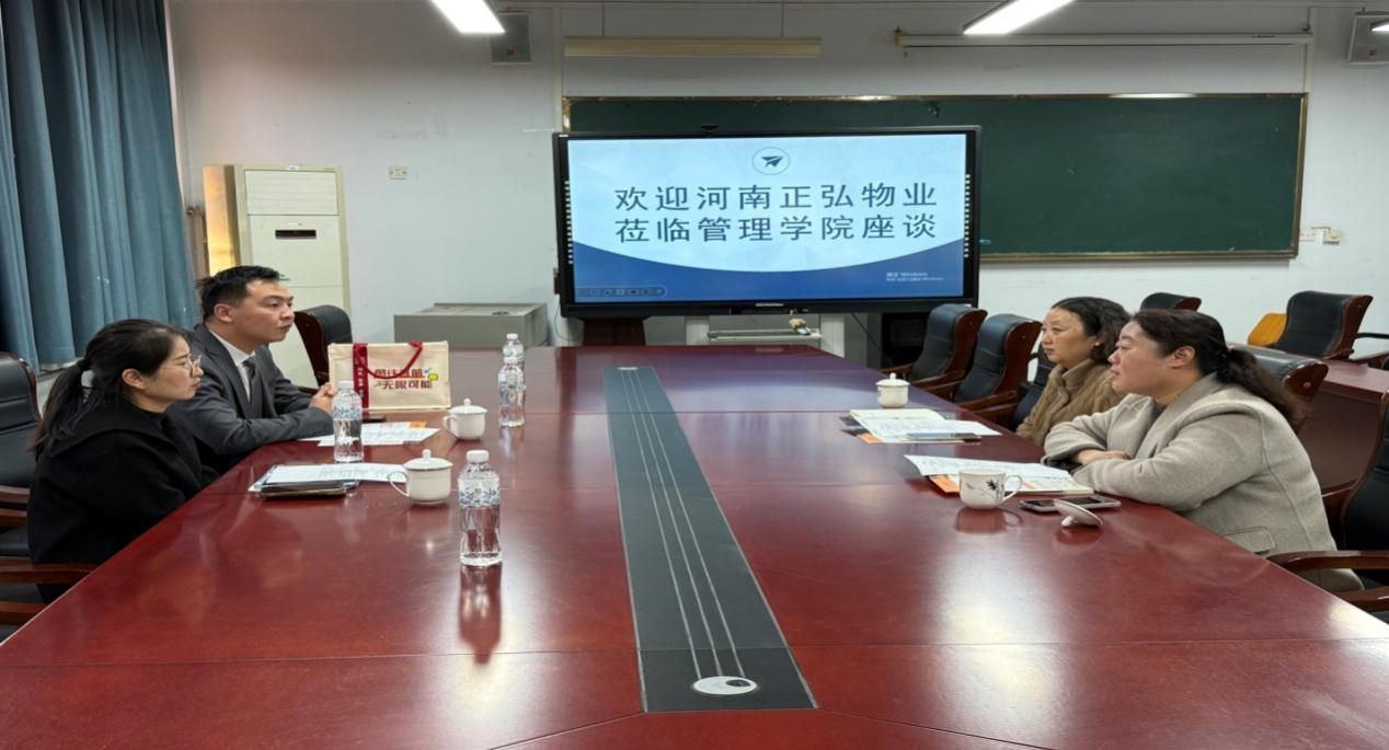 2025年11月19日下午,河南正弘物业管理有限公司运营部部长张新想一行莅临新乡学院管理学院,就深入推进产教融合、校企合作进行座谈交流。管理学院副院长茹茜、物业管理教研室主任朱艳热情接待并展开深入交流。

----------

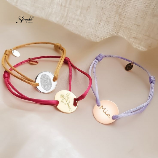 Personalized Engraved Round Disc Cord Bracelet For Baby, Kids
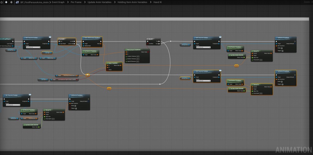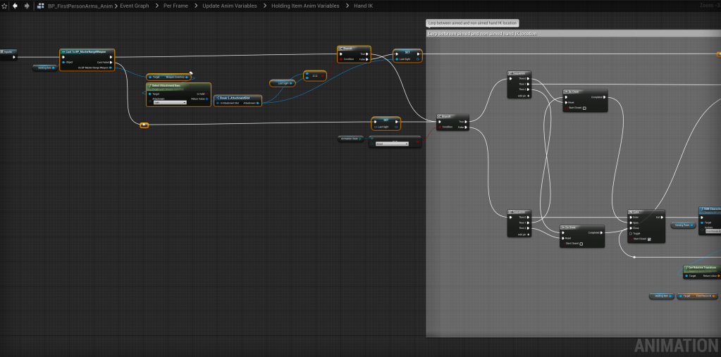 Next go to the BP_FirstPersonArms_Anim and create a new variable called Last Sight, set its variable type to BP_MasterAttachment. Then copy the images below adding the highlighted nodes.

----------

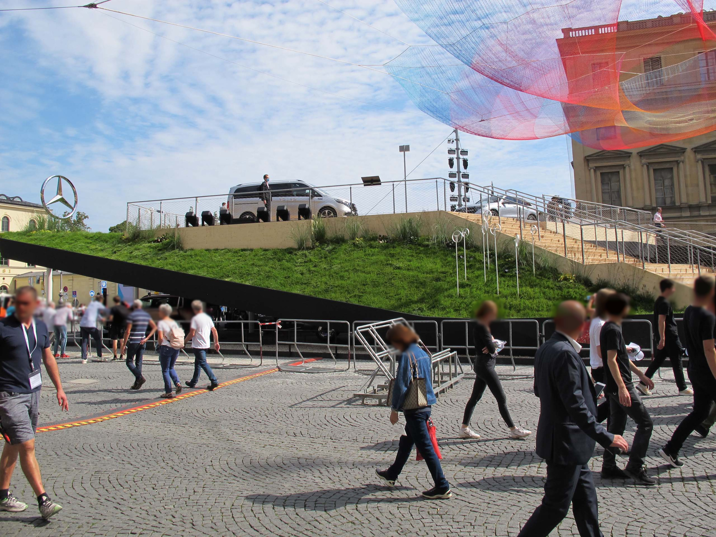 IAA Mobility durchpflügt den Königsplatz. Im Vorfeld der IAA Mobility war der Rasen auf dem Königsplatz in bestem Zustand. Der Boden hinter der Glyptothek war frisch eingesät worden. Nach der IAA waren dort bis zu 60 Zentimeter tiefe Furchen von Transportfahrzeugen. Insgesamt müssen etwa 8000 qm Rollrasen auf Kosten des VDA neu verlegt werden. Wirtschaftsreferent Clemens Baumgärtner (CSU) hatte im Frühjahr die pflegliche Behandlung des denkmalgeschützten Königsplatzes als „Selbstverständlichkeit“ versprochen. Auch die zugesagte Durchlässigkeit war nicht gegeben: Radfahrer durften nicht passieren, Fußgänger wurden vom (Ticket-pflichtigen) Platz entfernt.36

----------

• [Your goal] I'd like the lines above repeated exactly, from the one that contains "Personalized Engraved Round" through the one that contains "Next go to the", with no pictures.

• [Reply to the task]
 Personalized Engraved Round Disc Cord Bracelet For Baby, Kids
 Next go to the BP_FirstPersonArms_Anim and create a new variable called Last Sight, set its variable type to BP_MasterAttachment. Then copy the images below adding the highlighted nodes.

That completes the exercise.